### DIRECTIONS
In the listing below, locate the line containing "Celebrate a milestone" and copy it and every line after it through the end, exactly as written, leaving out any pictures.

### WORKING DATA
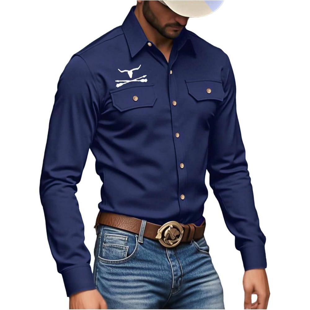 SOLY HUX Men’s Long Sleeve Western Shirts Button Down Collared Shirt Top Cowboy Outfits(Dark Blue)
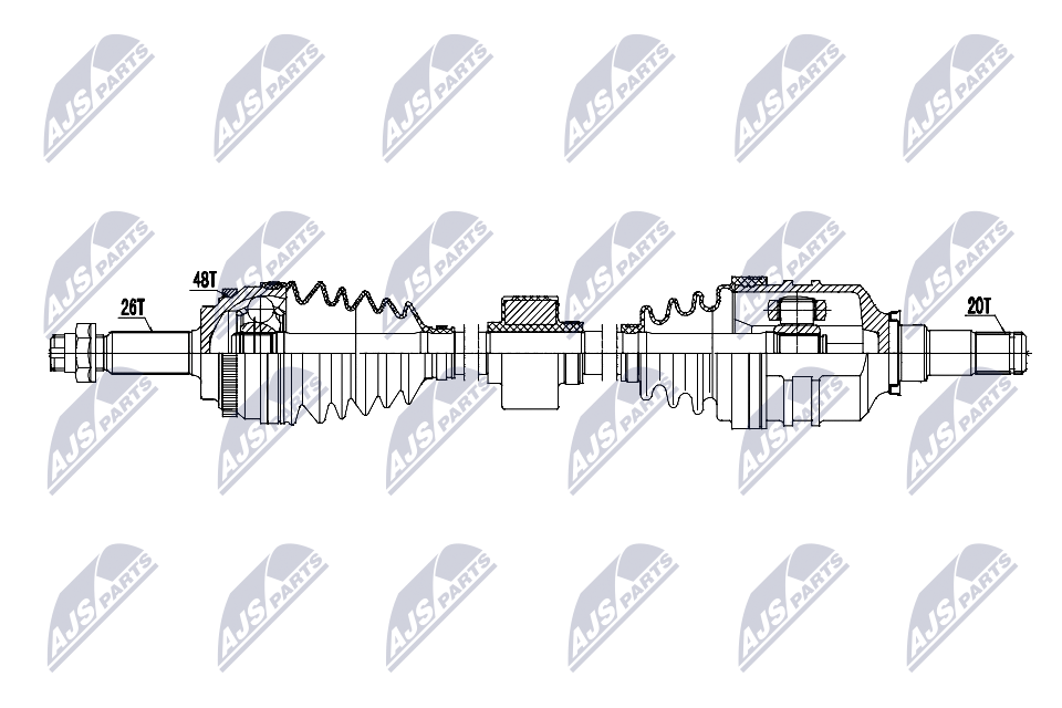 брой на зъбите: 48външни зъби от страна на колелото: 26външни зъби откъм диференциал: 20дължина: 648mmстрана на монтаж: на предната ос отляво
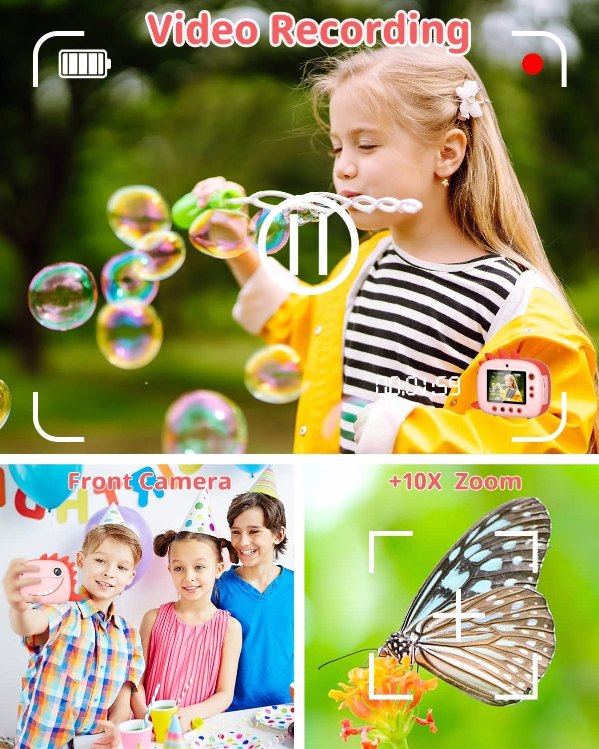 Эта цифровая детская камера может записывать 12-мегапиксельные фотографии и HD-видео 1080p. Это идеальная отправная точка для детей, чтобы заняться хобби фотографией или улучшить свои навыки фотографии. (Эта камера является детской игрушкой, не сравнивайте справочные данные с профессиональной камерой)
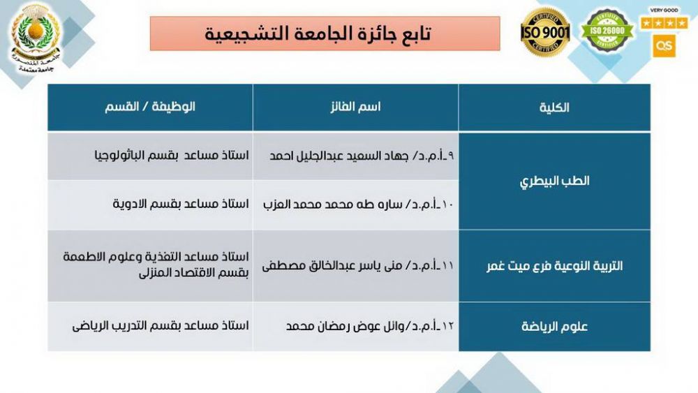 وفي جوائز الجامعة التشجيعية، جاءت الأسماء الفائزة على النحو التالي: من كلية الطب الدكتورة راندا إبراهيم السعيد الجمل – أستاذ مساعد بقسم الكيمياء الحيوية، والدكتورة نسرين السيد مرسي علي – أستاذ مساعد بقسم الأمراض الصدرية. ومن كلية الصيدلة الدكتورة مها هشام عبدالقادر إبراهيم – أستاذ مساعد بقسم الأدوية والسموم، والدكتورة أسماء كمال الدين أحمد محمد – مدرس بقسم الكيمياء التحليلية الصيدلية. ومن كلية الهندسة الدكتور أسامة محمد حامد علي – أستاذ مساعد بقسم هندسة القوى الميكانيكية، والدكتور تامر فوزي مجاهد عبدالدايم – أستاذ مساعد بقسم الهندسة الكهربية. ومن كلية العلوم الدكتورة دعاء أحمد محمد علي كسبة – مدرس بقسم الكيمياء (كيمياء فيزيائية)، والدكتور فتحي سامي محمد عوض – أستاذ مساعد بقسم الكيمياء (كيمياء تحليلية). ومن كلية الطب البيطري الدكتورة جهاد السعيد عبدالجليل أحمد – أستاذ مساعد بقسم الباثولوجيا، والدكتورة سارة طه محمد محمد العزب – أستاذ مساعد بقسم الأدوية. ومن كلية التربية النوعية – فرع ميت غمر، الدكتورة منى ياسر عبدالخالق مصطفى – أستاذ مساعد بقسم التغذية وعلوم الأطعمة. ومن كلية علوم الرياضة الدكتور وائل عوض رمضان محمد – أستاذ مساعد بقسم التدريب الرياضي.
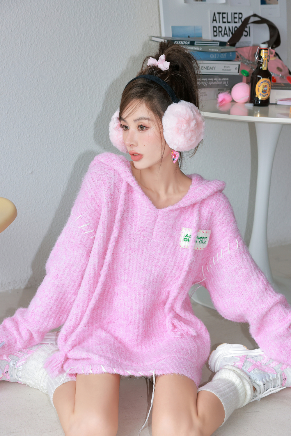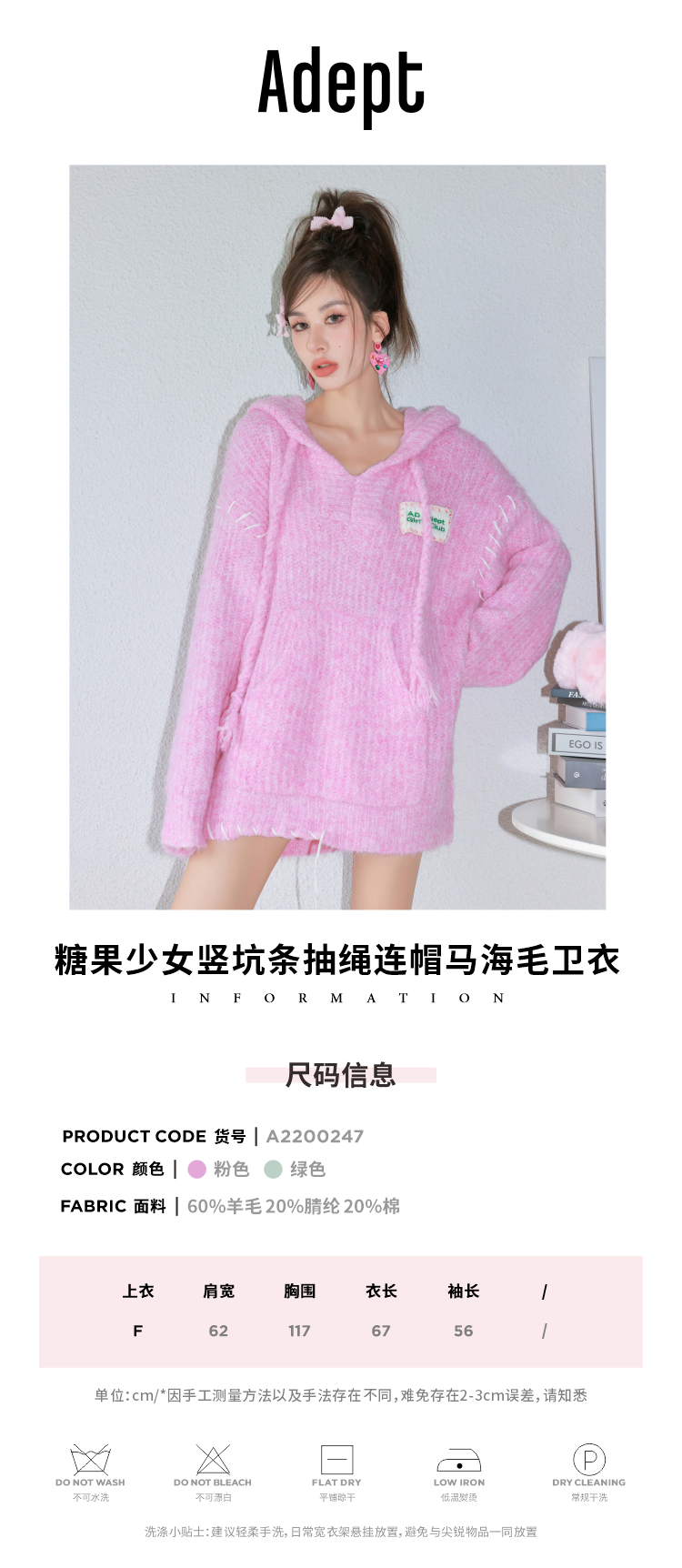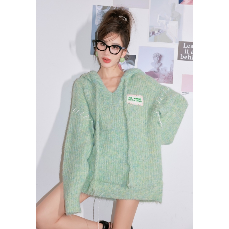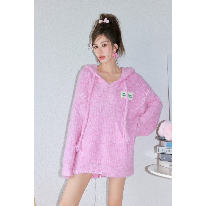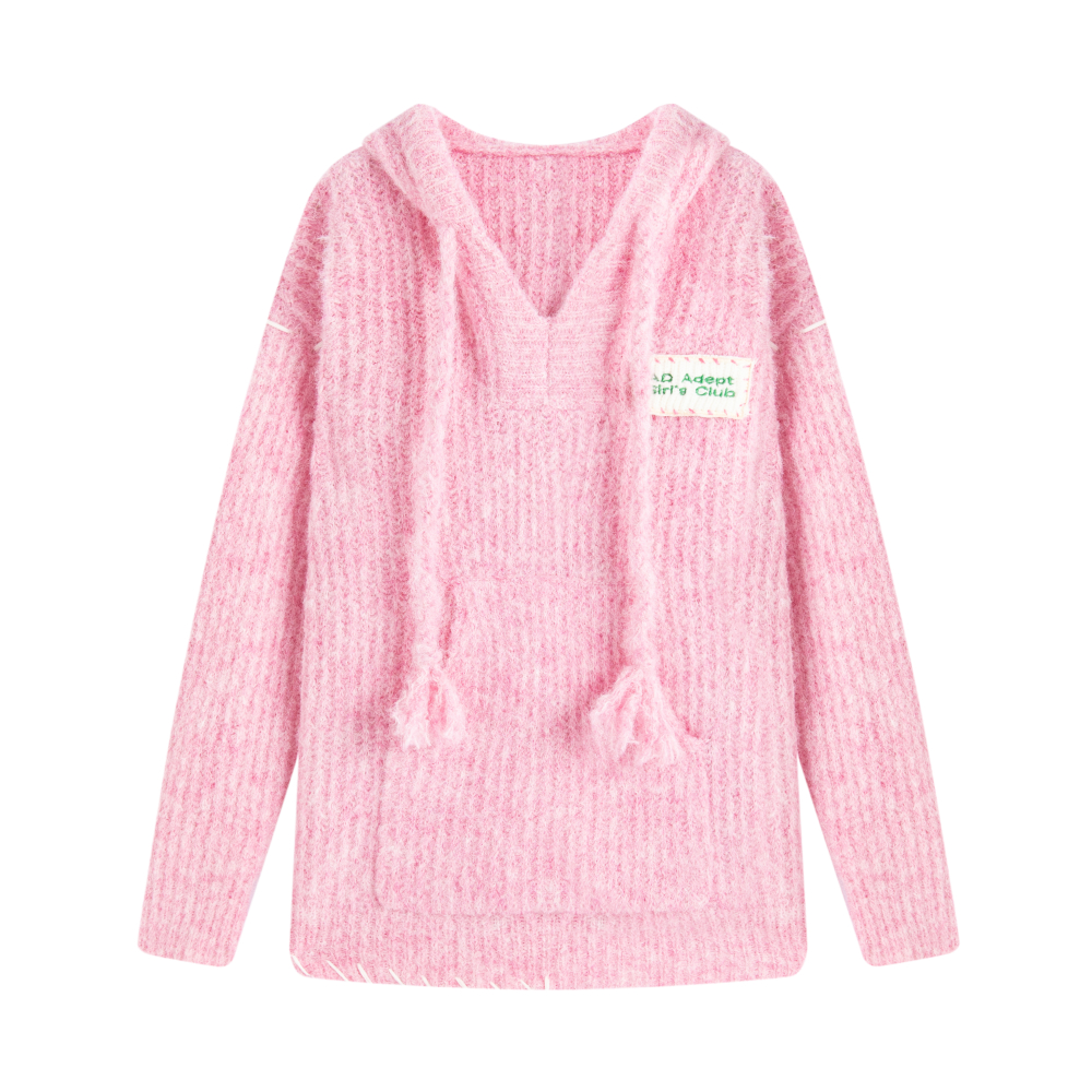 ADEPT 官方授權 糖果少女中長版抽繩連帽馬海毛毛衣女秋冬慵懶風
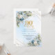 Celebrate a milestone moment with this elegant Sweet Sixteen invitation, featuring a refined watercolor design of dusty blue florals blended with soft white flowers and fresh eucalyptus greenery. Framed by a shimmering gold glitter border and paired with graceful script lettering, this invitation sets a sophisticated tone for a truly unforgettable Sweet Sixteen, Sweet 16th, or 16th birthday celebration.
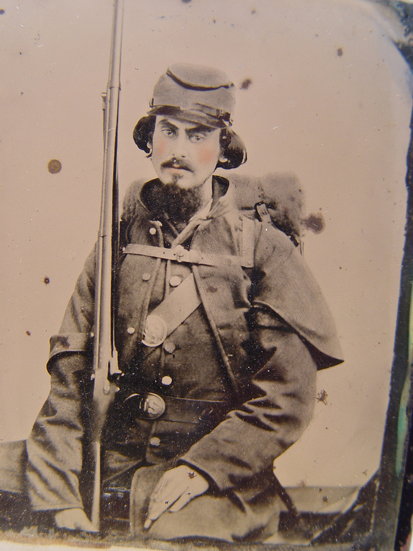 Private William F. Bower of Company D, 21st Ohio Regiment Infantry Volunteers, with bayoneted musket
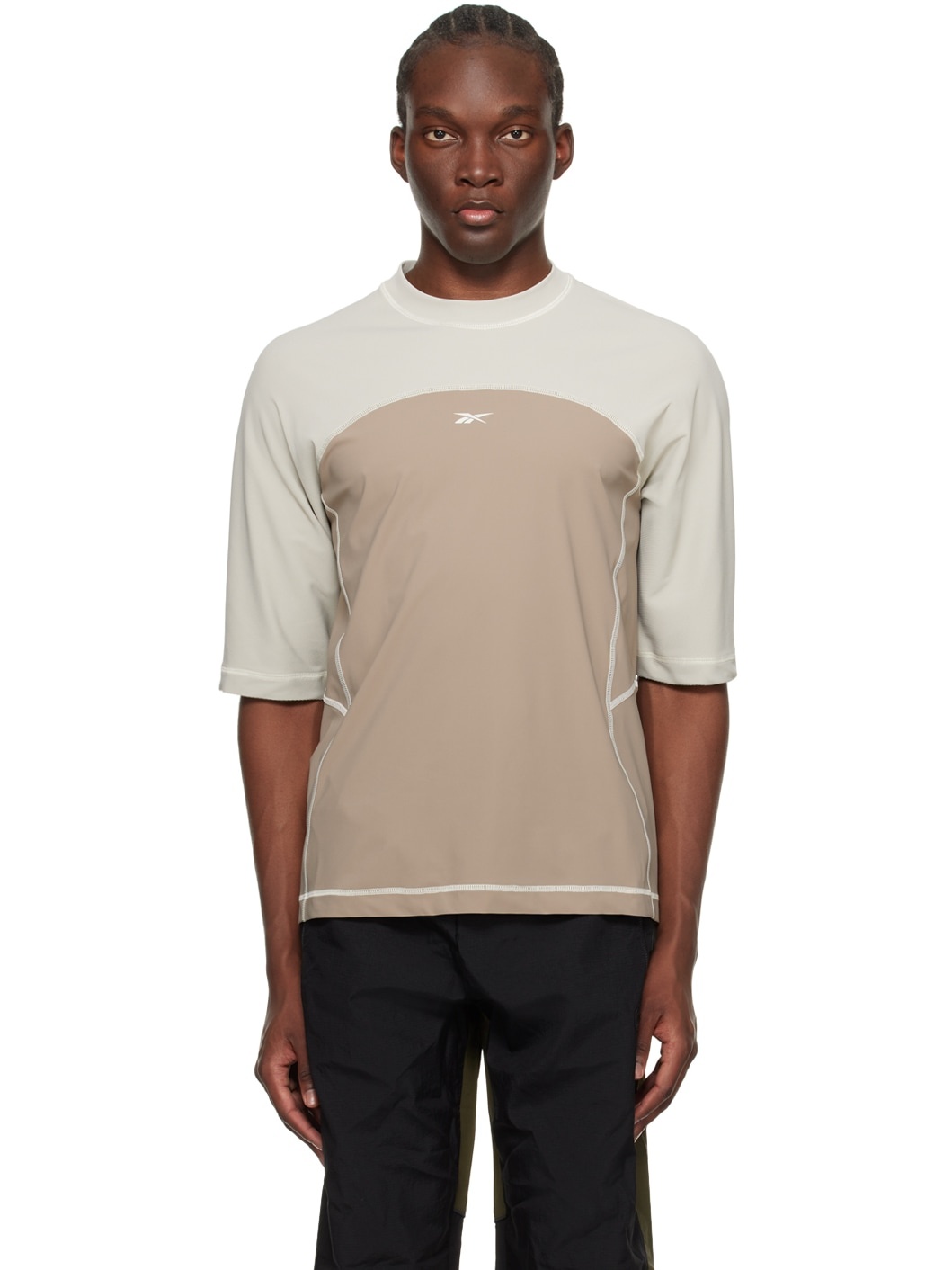 Stretch nylon jersey and ribbed jersey T-shirt. · Paneled construction · Crewneck · Logo printed at front and back · Yoke sleeves · Contrast overlock stitching in off-white Supplier color: Tan 85% polyamide, 15% elastane. Made in Romania 241749M213006

### SOLUTION TO THIS PROBLEM
 Celebrate a milestone moment with this elegant Sweet Sixteen invitation, featuring a refined watercolor design of dusty blue florals blended with soft white flowers and fresh eucalyptus greenery. Framed by a shimmering gold glitter border and paired with graceful script lettering, this invitation sets a sophisticated tone for a truly unforgettable Sweet Sixteen, Sweet 16th, or 16th birthday celebration.
 Private William F. Bower of Company D, 21st Ohio Regiment Infantry Volunteers, with bayoneted musket
 Stretch nylon jersey and ribbed jersey T-shirt. · Paneled construction · Crewneck · Logo printed at front and back · Yoke sleeves · Contrast overlock stitching in off-white Supplier color: Tan 85% polyamide, 15% elastane. Made in Romania 241749M213006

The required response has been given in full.